Namespace Optimal IO Boundary

NVMe allows SSDs to support multiple sector sizes through the Format NVM command. Most SSDs default to 512-byte logical blocks but also support 4kB logical blocks, often with better performance. However, for flash-based SSDs, neither common sector size reflects the real page or block sizes of the underlying flash memory. Nobody is particularly interested in switching to the 16kB or larger sector sizes that would be necessary to match page sizes of modern 3D NAND flash, but there is potential for better performance if operating systems align I/O to the real page size. NVMe 1.3 introduces a Namespace Optimal IO Boundary field that provides exactly this performance hint to the host system, expressed as a multiple of the sector size (eg. 512B or 4kB).

Directives and Streams

The new feature that may prove to have the biggest long-term impact is NVMe's Directives support, a generic framework for the controller and host system to exchange extra metadata in the headers of ordinary NVMe commands. For now, the only type of directive supported for ordinary IO commands is the Streams directive. Defined only for write commands, the streams directive allows the host to tag operations as related, such as originating from the same process or virtual machine. This serves as a hint to the controller about how to store that data on a physical level. For example, if multiple streams are actively writing simultaneously, the controller would probably want to write data from each stream contiguously rather than interleave writes from multiple streams into writes to the same physical page erase block. This can lead to more consistent write performance for multithreaded workloads, better prefetching for reads, and lower write amplification.

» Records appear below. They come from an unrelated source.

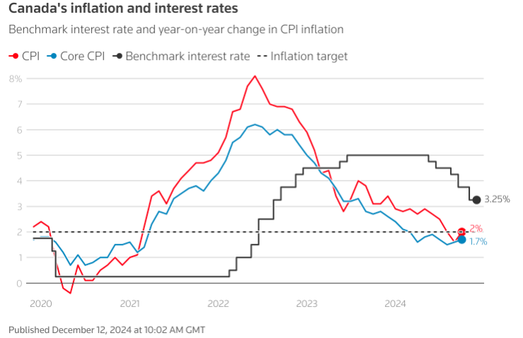 加拿大央行:加拿大央行周三降息50个基点至3.25%,这是其自新冠疫情爆发以来首次连续降息50个基点。加拿大央行表示,在通胀率加速上升至2%之后,进一步的宽松政策将是渐进的,但由于加拿大疲弱的经济受到了美国当选总统特朗普提出的关税威胁,市场对加拿大央行下个月降息25个基点的概率押注仍高达70%。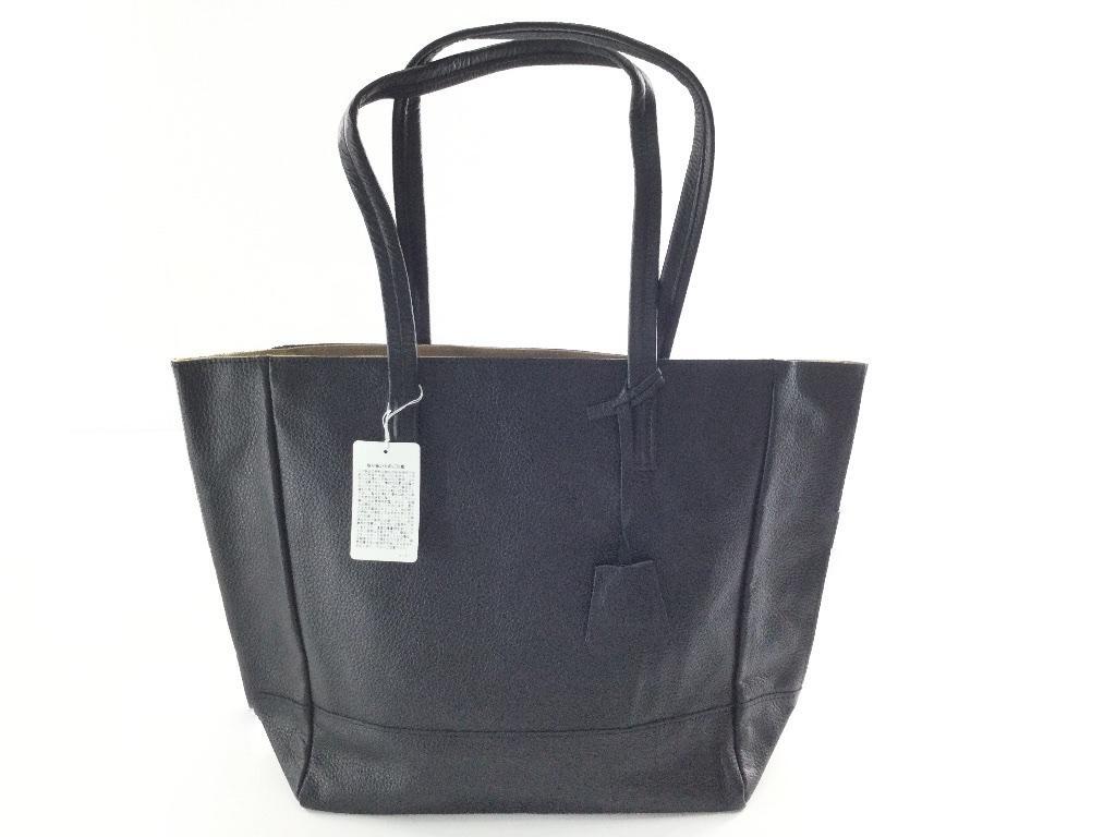 - 本革 トートバッグ 横型 レザー キーリングホルダー付 ブラック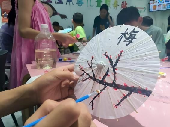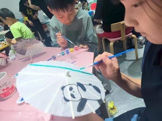 最讓孩子們期待的,莫過(guò)于油布傘DIY體驗(yàn)環(huán)節(jié)。團(tuán)隊(duì)提前準(zhǔn)備了半成品傘面、顏料和畫(huà)筆,當(dāng)材料包分發(fā)到手中時(shí),孩子們立刻化身“小小設(shè)計(jì)師”,迫不及待地拿起畫(huà)筆施展創(chuàng)意:有的畫(huà)上獨(dú)特氣質(zhì)的梅花,有的畫(huà)上熊貓吃竹子的場(chǎng)景……原本素凈的傘面,在孩子們的巧手下變成了一幅幅充滿童趣的“傘面畫(huà)”。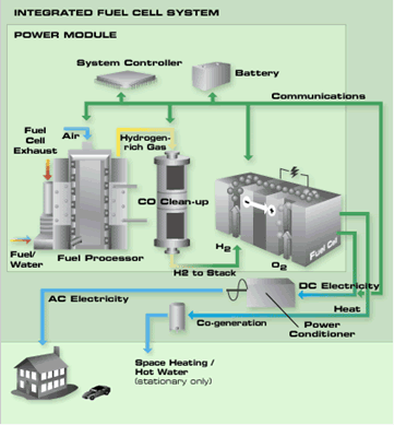 Ogniwa paliwowe zasilane są związkami węglowodorowymi, a bezpośrednio wodorem stanowiącym nośnik energii. Wodór stwarza szanse na produkcję prawdziwie czystej energii, jednak tylko lokalnie. Wodór wytwarzany jest w trakcie procesów przemysłowych – głównie reformingu. Sprawność reformingu przemysłowego szacuje się na 70%, tak więc na dzień dzisiejszy należy zużyć więcej energii niż można uzyskać z wyprodukowanego wodoru. Aby uzyskać prawdziwie czystą energię, należy produkować wodór wykorzystując naturalne źródła energii do przeprowadzenia elektrolizy lub opracować metody biologiczne produkcji wodoru. Należy jednak dodać, iż wodór jest tak naprawdę tylko gazem ubocznym produkowanym w procesie reformingu – produktem celowym jest zwykle benzyna.

Non-Operational Power State Permissive Mode

NVMe power management is far more flexible than what SATA drives support. NVMe drives can declare several different power states including multiple operational and non-operational idle states. The drive can provide the host with information about the maximum power draw in each state, the latency to enter and leave each state, and the relative performance of the various operational power states. For drives supporting the optional Autonomous Power State Transitions feature (APST) introduced in NVMe 1.1, the host system can in turn provide the drive with rules about how long it should wait before descending to the next lower power state. NVMe 1.3 provides two significant enhancements to power management. The first is a very simple but crucial switch controlling whether a drive in an idle state may exceed the idle power limits to perform background processing like garbage collection. Battery-powered devices seeking to maximize standby time would likely want to disable this permissive mode. Systems that are not operating under strict power limits and are merely trying to minimize unnecessary power use without prohibiting garbage collection would likely want to enable permissive mode rather than leave the drive in a low-power operational state.

Host Controlled Thermal Management

The second major addition to the NVMe power management feature set is Host Controlled Thermal Management. Until now, the temperatures at which NVMe SSDs engage thermal throttling have been entirely model-specific and are not exposed to the host system. The new host controlled thermal management feature allows the host system to specify two temperature thresholds at which the drive should perform light and heavy throttling to reduce the drive's temperature. Most of the details of thermal throttling are still left up to the vendor, including how the drive's various temperature sensors are combined to form the Composite Temperature that the thresholds apply to, and the hysteresis of the throttling (how far below the threshold the temperature must fall before throttling ceases). Drives will continue to include their own built-in temperature limits to prevent damage, but now compact machines like smartphones, tablets and ultrabooks can prevent their SSD from raising other components to undesirable temperatures.